I’ve been a BDM in the bridging market for around 15 years now, and without wanting to blow my own horn too much, I’ve written an awful lot of business in that time. So I like to think I have a good feel for the market.
And it’s clear to me that while the bridging market is as competitive as it’s ever been, trust continues to be the big driver for brokers when choosing which lenders to place a case with.
Competition is fierce
There was a time when the bridging market was a bit of a jungle. We didn’t have huge numbers of lenders active, and those that were could charge rates of 20% plus. Thankfully over the years that has changed, and the industry has become much more professional and reputable.
In fact, the industry has performed so well that there have been an awful lot of new entrants into the bridging market, each looking to compete for a slice of the bridging pie by trying to find new ways to design and price loans.
Brokers and their clients have been the obvious beneficiaries here, with a level of choice that would have been simply unimaginable just a few years ago.
There’s no shortage of liquidity within the industry, with plenty of lenders sitting on cash that they are very keen to lend out to the right clients. As a result, so long as the deal makes sense, brokers generally won’t struggle to find a lender keen to take the case on.
This has only been exacerbated by the fact that the market has slowed down a little over the summer, due to a combination of the typical seasonality of the market and the end of the stamp duty holiday.
The fact that there has been less business available has only made lender competition keener, increasing the amount of price matching going on.
Brokers and their clients have honestly never had it this good.
Growing confidence
What’s certainly been evident over the last few months, from borrowers looking for both bridging and development loans, has been a renewed sense of confidence.
There were plenty of investors who had spotted opportunities and projects which they believed in, but they understandably put the brakes on as a result of the pandemic.
They might have believed that a refurb or a new development would usually deliver capital appreciation of say 5-10% in normal times, but these were far from normal times and so they held off.
That has shifted somewhat though, with a renewed sense of confidence about the property market meaning they are proceeding with those projects.
I’ve already started seeing a noticeable upturn in business over the last few weeks too as the summer has drawn to a close, suggesting that the levels of activity seen in the bridging market are likely to kick up a notch in the months ahead.
Who do you trust?
Brokers in the bridging market will no doubt be hearing from lenders on a weekly basis, trumpeting new low rates or revised criteria in that ongoing battle for business, but one thing that has always been clear to me during my career has been the importance of trust.

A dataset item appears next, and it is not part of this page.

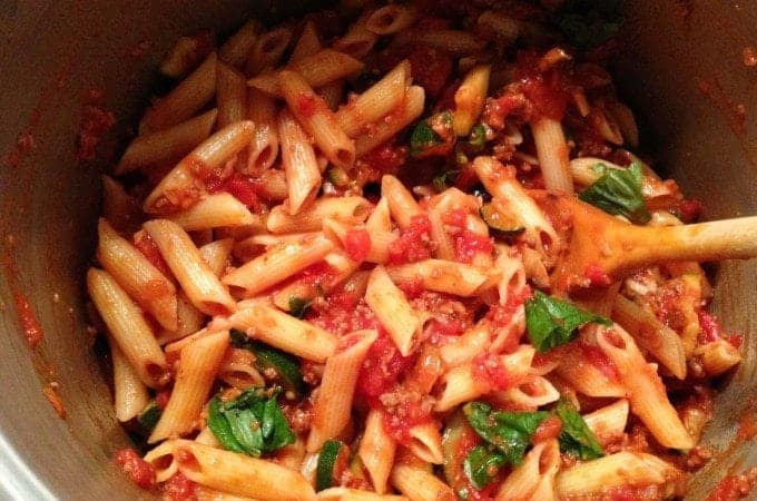 Een supersimpele pasta voor het hele gezin die je ook nog eens met een klein budget kunt maken: penne met gehakt, courgette en basilicum.

Brokers want to do the best for their client, and that means far more than simply pointing to a low rate, particularly when the deal on offer comes from a lender with little to no track record.

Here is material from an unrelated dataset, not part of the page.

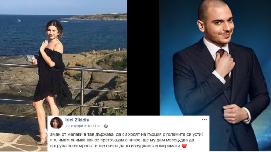 „Аман от „малаки” в тая държава. Да си ходят на Гърция с големите си усти! П.С. имам снимка как се прегръщам с Никос. Ще му дам месец-два да натрупа популярност и ще почна да го изнудвам с компромати”, пише тя в социалните мрежи.

Property investors view their brokers as trusted allies, who can not only find the finance needed at a competitive price, but also ensure that the funding is delivered swiftly and without any hiccups.
That’s why brokers want to work with lenders who they can rely on, who they can trust to live up to their word and deliver. That trust doesn’t come overnight ‒ it’s something built up over years, from completing a host of successful cases with an individual broker, and it takes a lot of work to ensure a strong relationship between the broker and the lender.
I’ve seen a lot of people come and go in this industry, and seen all sorts of ups and downs for the property market.
It’s why I’m confident that the prospects for bridging are good, and not just in the short-term, but also certain that it’s the lenders who put value on building real, long-standing relationships with advisers who will continue to stand out, even in the incredibly competitive market we have today.